I've looked everywhere and googled but can't find an answer to my question. The "label" area in the metadata...where does this show up if you put words in that section? I always use the Title and caption area but was wondering what the label spot is for.


----------



## Jim Wilde (Jun 2, 2012)

If you use a colour label, that's where the information is stored in the metadata.


----------



## yorkiemom (Jun 2, 2012)

Thank you so much! I was wondering what that was for and just couldn't find it.


----------



## clee01l (Jun 3, 2012)

If you navigate to the menu {Metadata}{Color Label Set} you will see a list of currently installed presets. The Lightroom Default set assigns the "label names", Red to the red color, "Green" to the green etc. you can create your own Color Label Set and assign other words or phrases to the different color tags that are represented on the Toolbar and in the Attribute filter on the filter bar.  Any Label name that does not match up with one of the 5 assigned to a color is assigned the "Custom" color. 

I use a defined Color Label Set that assigns the phrases to the 5 colors:To Be Worked
Work in Progress
Needs Further Review
Not in a Published Collection - Complete
In A Published  Collection​


----------



## yorkiemom (Jun 3, 2012)

I was wondering what to use the color labels for. I haven't used them yet. That's like the collections. I haven't used them yet either. Thinking why would I really need a collection? Maybe I'd use them for my favorite photos but not sure what else. I have everything keyworded so I can find anything.

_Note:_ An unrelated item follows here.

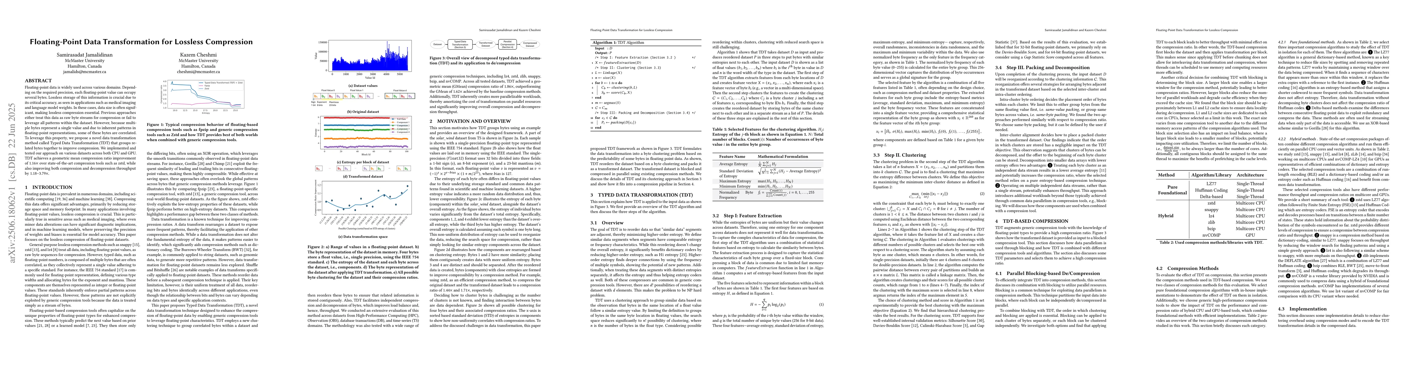 A novel lossless compression algorithm for floating-point data was developed and evaluated in this research

Thanks for the suggestions ont he color labels. I think I might just use them!


----------



## erro (Jun 3, 2012)

If you find yourself doing the same search or filtering several times, then you can create that as a smart collection instead, saving you some time.

And you can use "normal" collection for grouping arbitrary photos that can't be filtered in an easy way.

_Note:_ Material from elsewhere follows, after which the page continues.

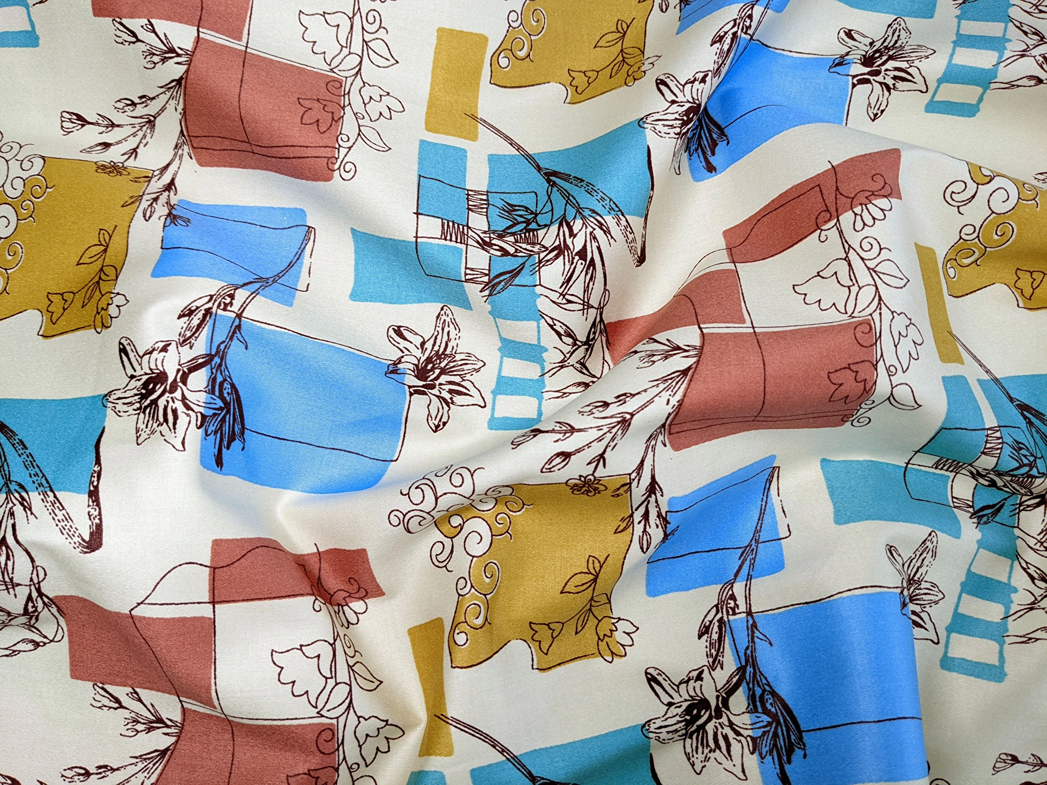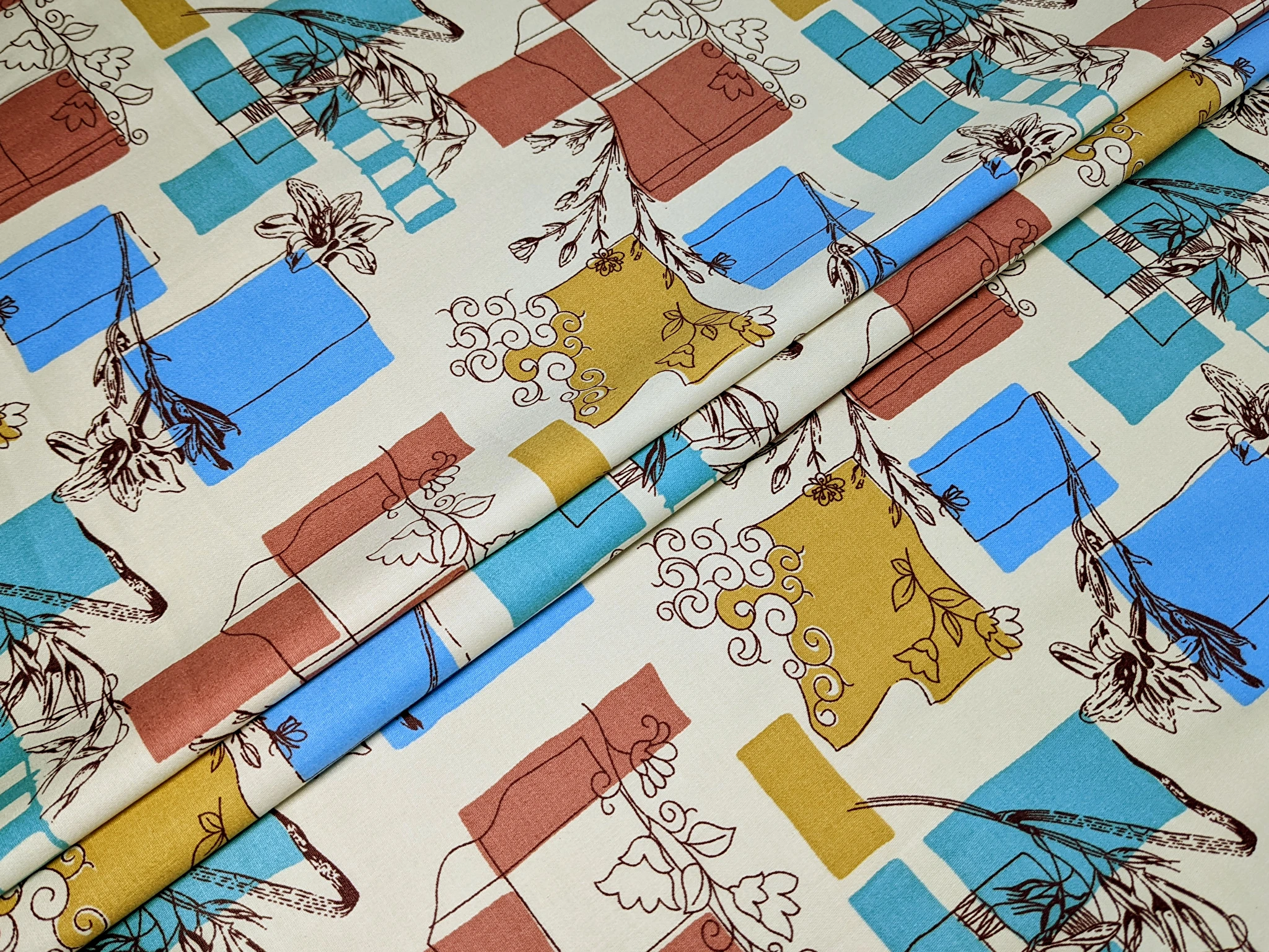 Котон сатин принт мікс орнаментів, ванільний

Let's say you often want to see your 4-5 star rated photos that also are keyworded "taken at home". Instead of doing that filtering you can set it up as rules for a smart collection.

And let's further say that you want to print a calandar with 12 of those photos, but you are not really sure which 12. Then you can simply add al those photos to a normal collection. Then you enter that collection and delete the ones you don't want in the calendar. This will only remove the photos from that collection, and they are still left in LR and on disk. Then just keep removing photos until you have 12 left.

Smart collection can also be used to track your work-flow. For example, I have asmart collection that shows all photos that don't have any develop adjustments. And another that shows photos without a title. And so on. As soon as I add a title to a photo, it automatically disappears from that smart collection. And so on.


----------



## yorkiemom (Jun 3, 2012)

Really? Wow, I didn't know I could do all that. Going to have to rethink now. I have so many keywords.

You mentioned that you have a smart collection that shows all photos w/o develop adjustments. Is that so you can see all your "originals" in LR? I mean rather than going out of LR and using, say CS5 (which I use), to possibley make different adjustments on the original and not one that has LR adjustments? Just curious.


----------



## clee01l (Jun 3, 2012)

Norma, You might appreciate John Beardsworth's Workflow Smart Collections.  I use a modified version of these to manage my workflow, making sure that I have at least one keyword on every photo, a Title, a Caption and Adjustments on every image that I deem complete and to be published. I've extended upon Johns work to drive my Publish Services with Smart collections.  I use the Smart Collections with the color labels that I mentioned earlier to track the state of each image in my catalog.


----------



## erro (Jun 3, 2012)

yorkiemom said:


> Really? Wow, I didn't know I could do all that. Going to have to rethink now. I have so many keywords.
> 
> You mentioned that you have a smart collection that shows all photos w/o develop adjustments. Is that so you can see all your "originals" in LR? I mean rather than going out of LR and using, say CS5 (which I use), to possibley make different adjustments on the original and not one that has LR adjustments? Just curious.



Keywords are great for lots of things, and I use them a lot. But you can search and filter for much for than just keywords.

Try to create a dummy smart collection and just have a look yourself at all the options you have.

A collection with the rules "doesn't have adjustments" is just one really simple example.


----------



## yorkiemom (Jun 3, 2012)

Hmmm, going to have to try that out. I'm all for making my life easier. I'll also check out the link. Right now I have a keyword, title, caption and creator for each of my photos so I'm getting there.


----------



## erro (Jun 4, 2012)

So, then you might want to try and create three smart collections to verify that you really have title, caption and creator for *all *photos. If they all show a count of zero, then you're fine. But as soon as you have another number you'll automatically know that you have missed something, and those collections will immediately show you the offending photos so that you can fix them. And that's just one use for smart collections.


----------



## yorkiemom (Jun 4, 2012)

Cool! Thanks so much for the indepth explanation! I'll let you know if I have any problems.


----------